When cheering stops, get ready for bill

They’re here. Today. Finally.

So knock yourself out. It cost you enough.

Two weeks from today, the Games will be played, the medals counted, the flags waved.

And when the cheering stops, then comes the bill.

The other shoe, the provincial budget, drops on March 2. There’s already a forecast deficit of $1.7 billion for this year alone, and estimates have a way of growing into even bigger realities. One thing is certain. We’ll be paying for these 2010 Olympics for many, many years to come.

And with every cut to health or education, someone will ask, “Was it worth it?”

A long time ago, Victoria tossed out the idea that we could enjoy $10 billion in direct benefits from the 2010 Olympics. Post-recession (oops), PricewaterhouseCoopers was able to peg the direct benefits in the run-up to the games to a less splendid $1 billion.

For the next few weeks, hungry sales clerks will hope to add to the tally as Olympians from Norway to North Dakota comb through the made-in-China Mounties and other souvenir debris.

But it will take a while to come up with a final answer to that question, as it did for Expo 86, the last time the world came to our door. Turns out the world liked Vancouver so much it moved in and built a megatropolis out of a sleepy city by the sea. Long after they put the floating McDonald’s barge in drydock we can point to the skyline, SkyTrain and sky-high real estate prices as the legacy of Expo 86. What’s not to like?

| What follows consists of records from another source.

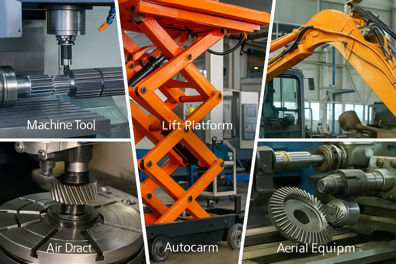 Pada differential mobil, bevel gear merupakan bagian yang sangat diperlukan, yang memungkinkan roda kiri dan kanan berputar bebas saat berbelok tanpa saling mengganggu. Banyak pelanggan juga akan memilih gigi bevel saat merancang peredam atau struktur kemudi sudut karena transmisinya stabil dan memakan lebih sedikit ruang. Jika peralatan itu sendiri memiliki batasan volume, namun perlu mencapai keluaran sudut, gigi ini sangat cocok.
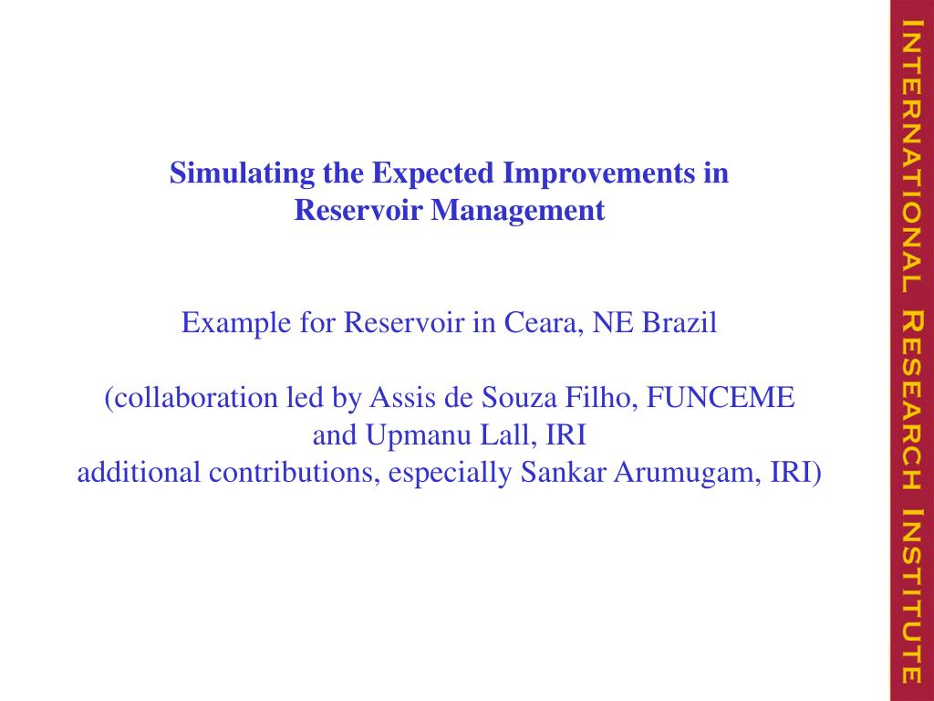 Simulating the Expected Improvements in Reservoir Management Example for Reservoir in Ceara, NE Brazil (collaboration led by Assis de Souza Filho, FUNCEME and Upmanu Lall, IRI additional contributions, especially Sankar Arumugam, IRI)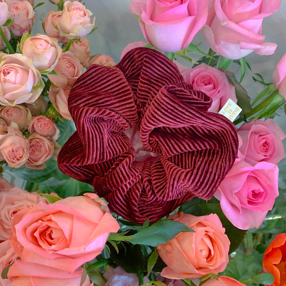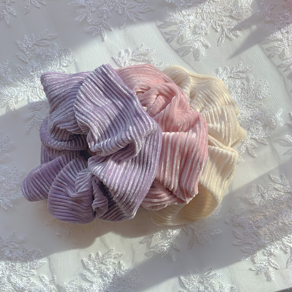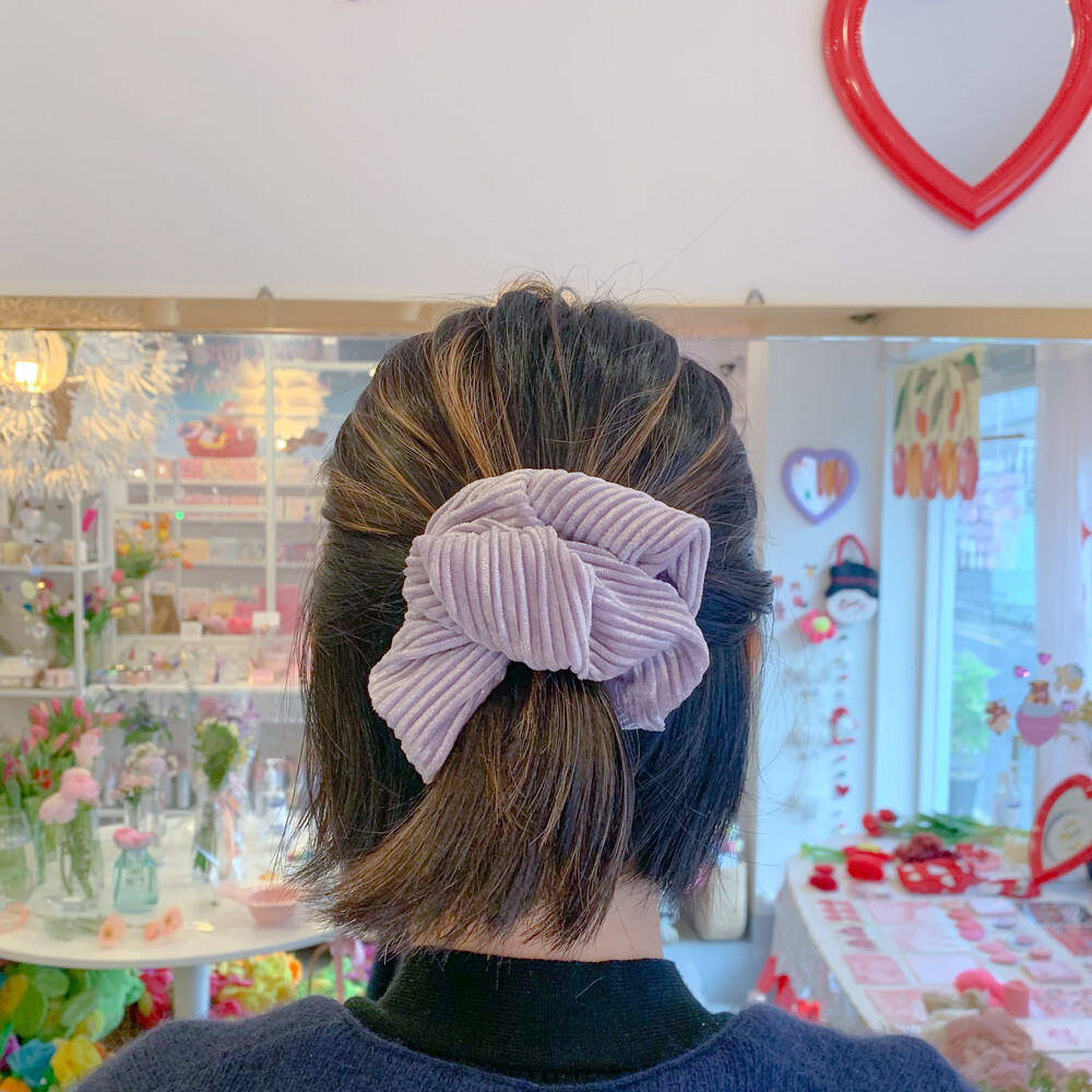 캐쥬얼한 코듀로이 느낌에 반짝이는 소재의 패브릭으로 제작한 슈슈에요.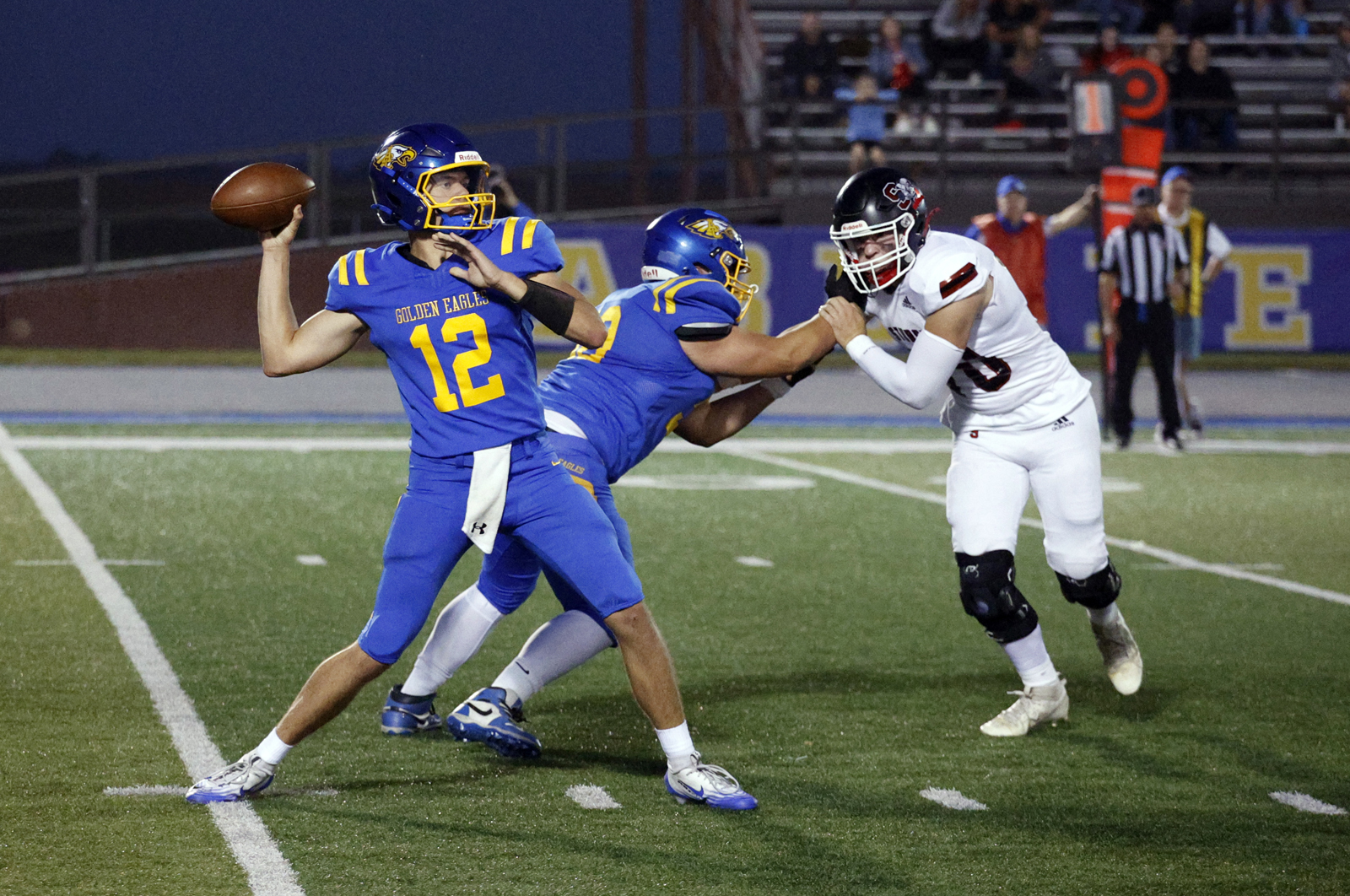 Jackson Board added an interception return for a touchdown and Borge picked up his second TD of the night on a 57-yard pass from Brayden Bowman in the second quarter, and by halftime the Golden Eagles had rattled off 28 unanswered points and were in complete control.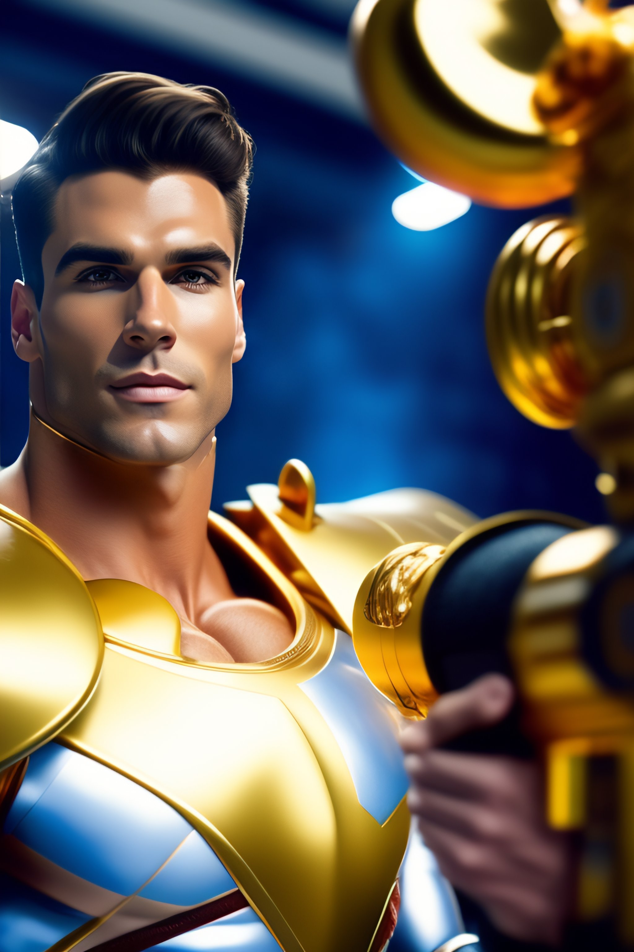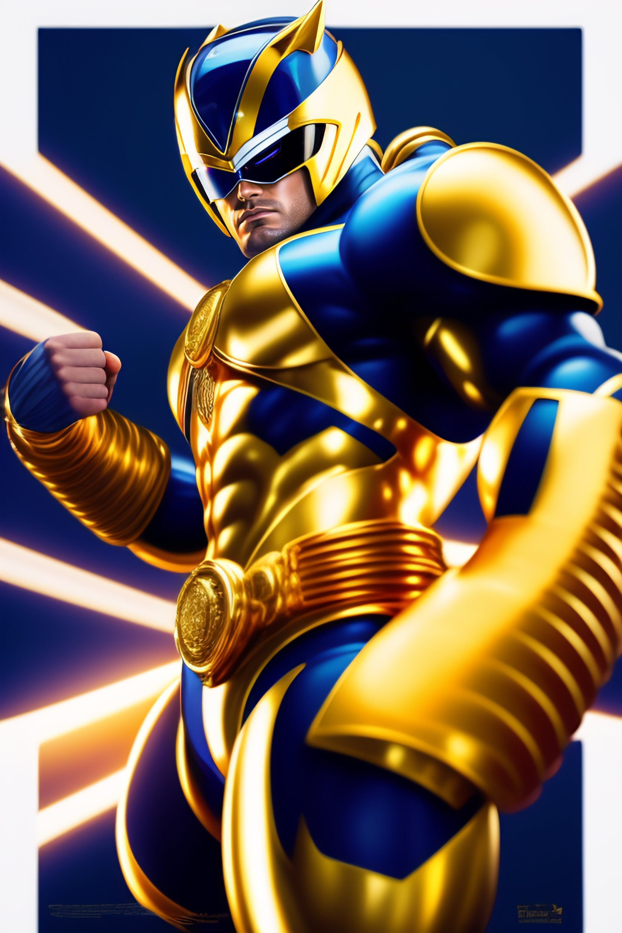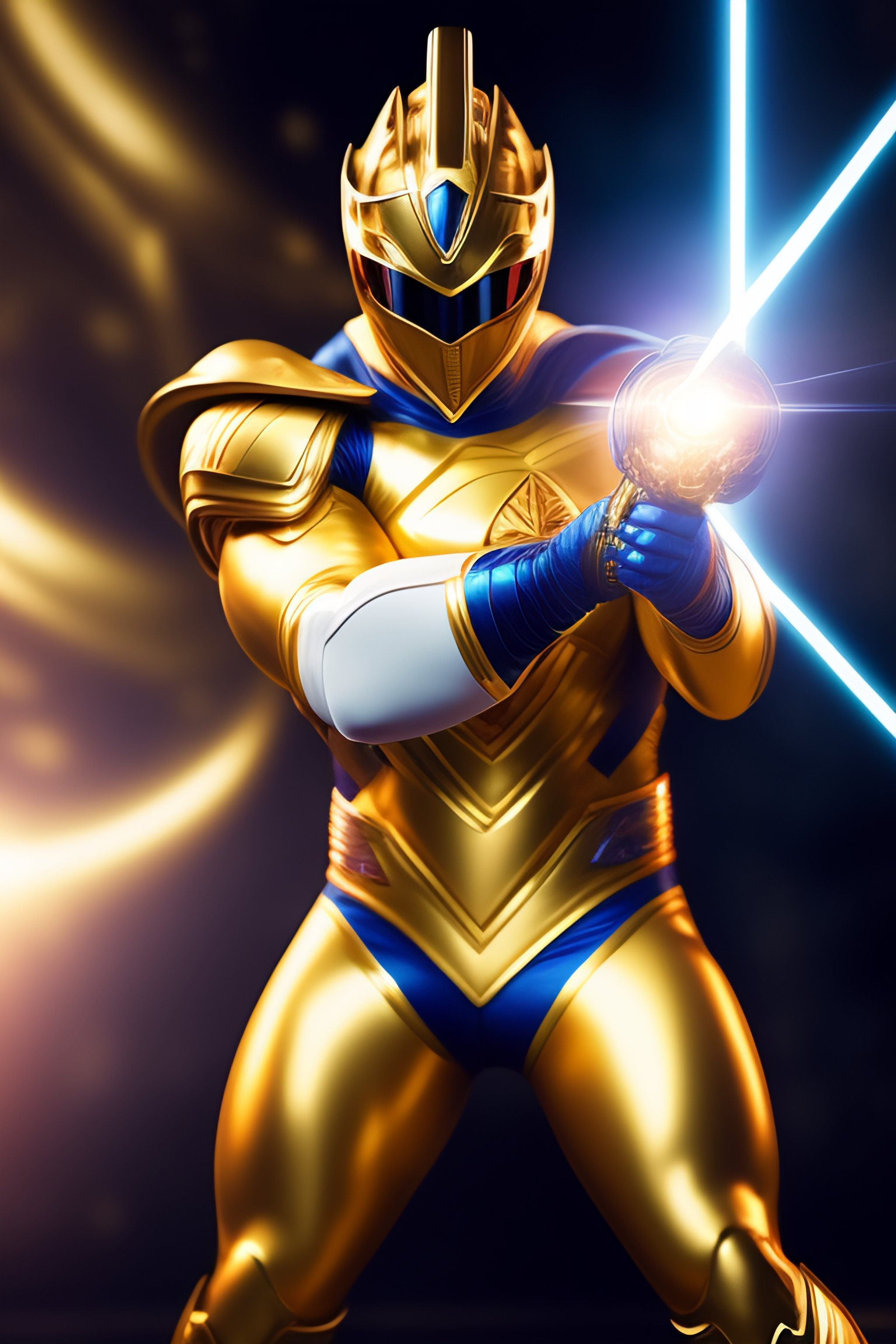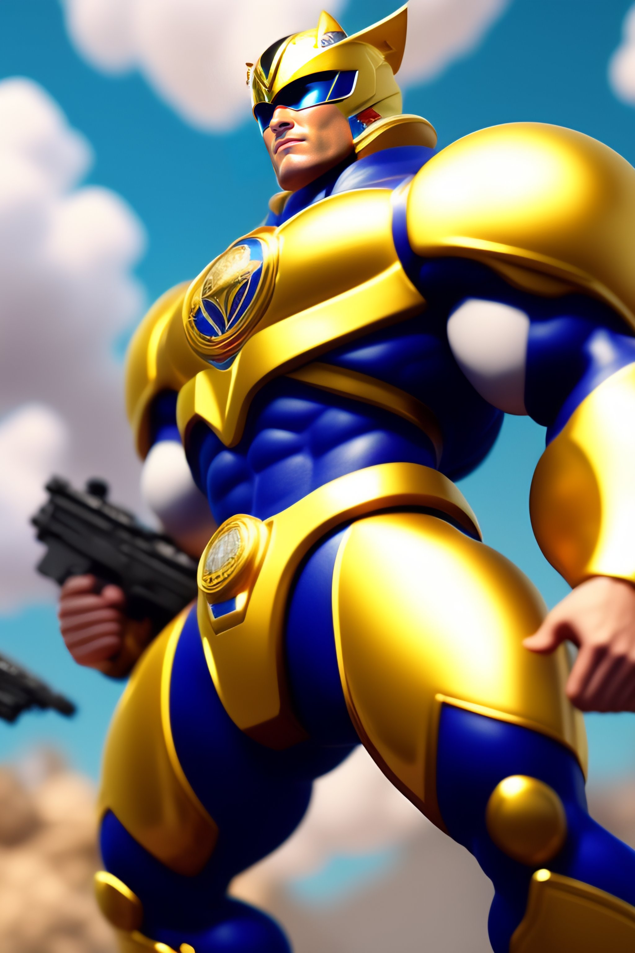 A cartoon buff white male with a gold and blue power ranger suit shooting a minigun

Vancouver can’t get any more unaffordable than it already is? You just watch! If we get a few sunny days in a row during these Olympics, the part of the world that didn’t stay after Expo 86 will turn up, tooth brush in hand, looking for a place to stay. And we’ll add another million newcomers to the waterfront. If you sell real estate or designer kitchens, that’s a good thing.

There’s a school of thought that these Olympics will be our last super spectacle, because there’s just no more room to accommodate any more newcomers to Vancouver — in fact, along the whole I-5 corridor.

Truth is, we’re addicted to these spectacles. The Olympics will just fuel the urge for more.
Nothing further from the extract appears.